A Criticism: The "Continuous Integration" Misnomer
TDD is intended to be performed in the context of "continuous integration", aka "CI". That is a process whereby a programmer codes tests and application code, getting the tests to pass locally, frequently syncing and merging the changes of others from the shared code repository, and when the tests pass locally, merging one's changes into the shared repository, where a "CI server" such as Jenkins re-runs the unit tests to verify that they all pass.
The CI "job" - the execution under Jenkins - is supposed to be "green" - that is, all the tests should pass, assuming that each programmer verifies that they do locally before pushing their code to the shared repository.
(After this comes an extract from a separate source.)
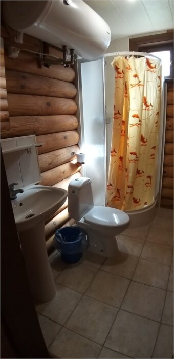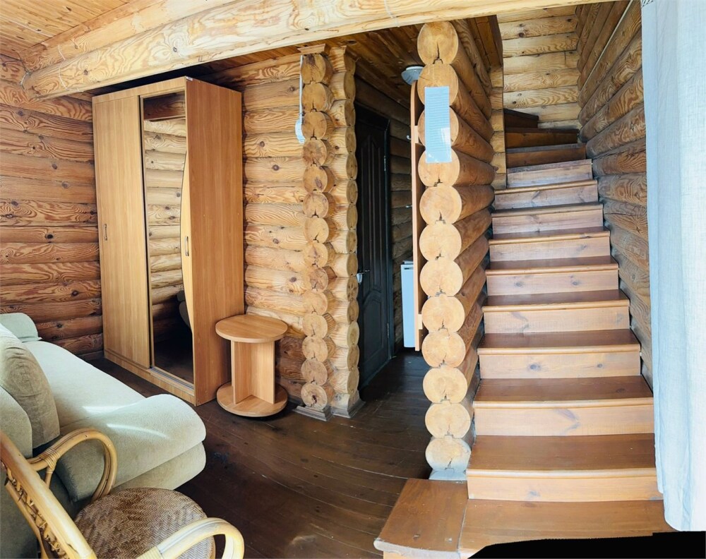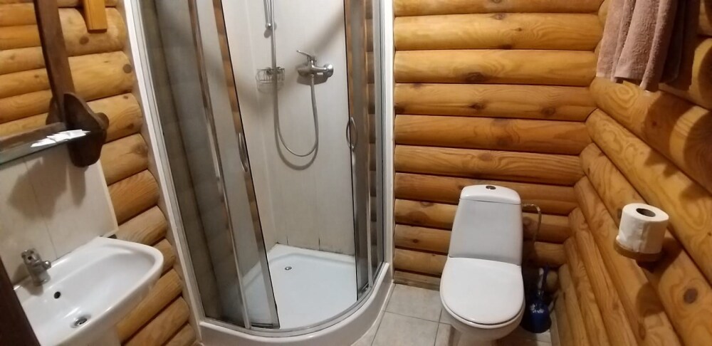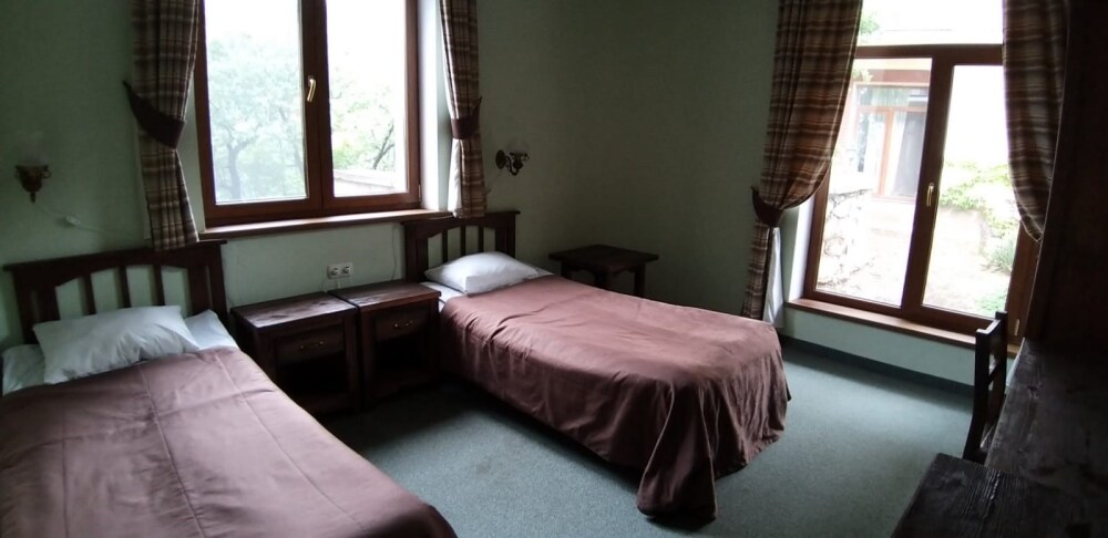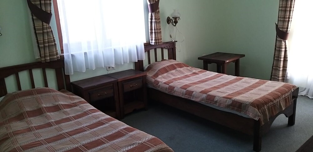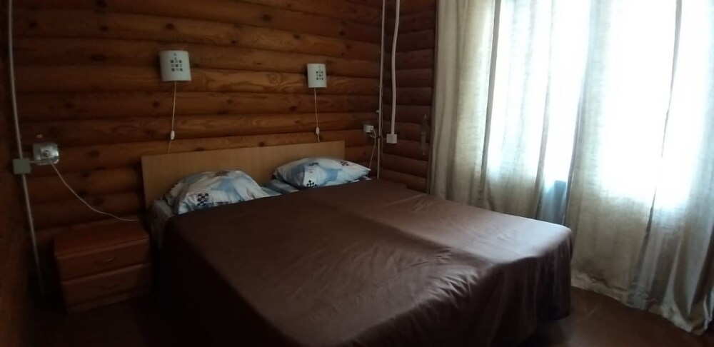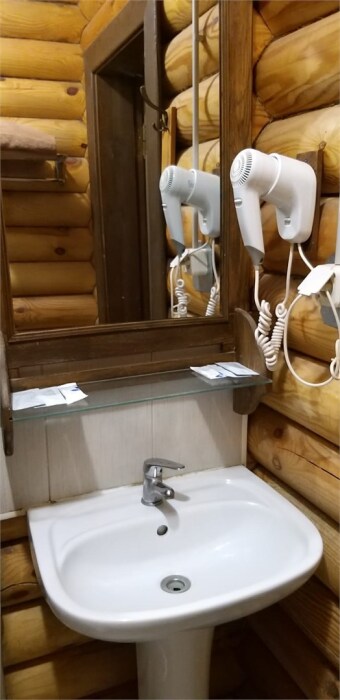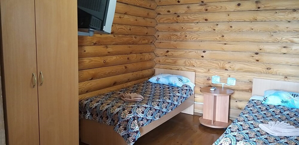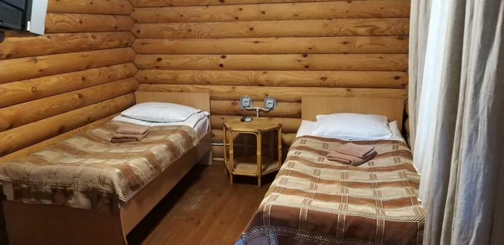 Эконом в сруб: однокомнатный двухместный номер для комфортного и бюджетного проживания с двумя односпальными кроватями, санузлом, кондиционером, горячей водой, холодильником, феном.
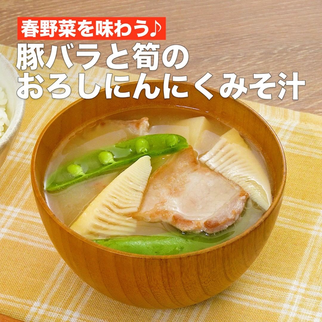 春野菜を味わう♪豚バラと筍のおろしにんにくみそ汁

That is a powerful process - one that I strongly advocate in the coaching that I do. But I have a problem with it: the original CI process was about unit tests, and it still is. What about integration tests? And what if one is not using TDD, and so one's unit test coverage is not high? If that is the case, then the behavioral (ATDD/BDD) tests are more important - so what is the analogous "cycle" for that?
Today one often hears the term "continuous delivery", aka "CD", but that term is highly ambiguous, especially since Jez Humble and David Farley's entire original book about DevOps was called Continuous Delivery.
Another problem is that the term "continuous integration" sounds like one is performing integration tests, but in reality one is running unit tests - not integration tests. So the term is a misnomer - an especially bad and confusing one, given the importance of integration tests.
It did not always matter. When TDD and CI were born, most applications were monolithic, and so unit tests usually were integration tests, to a large degree. Not so anymore: today systems are designed as highly distributed components, and the problems tend to be in the interactions among those components - something that is not tested by unit tests.
So we really need a term for the continuous testing of integration level tests, at all levels of integration, right up to the outermost level, which is often called "end-to-end" testing. I will call that "continuous system integration" - "CSI" - not to be confused with the TV show!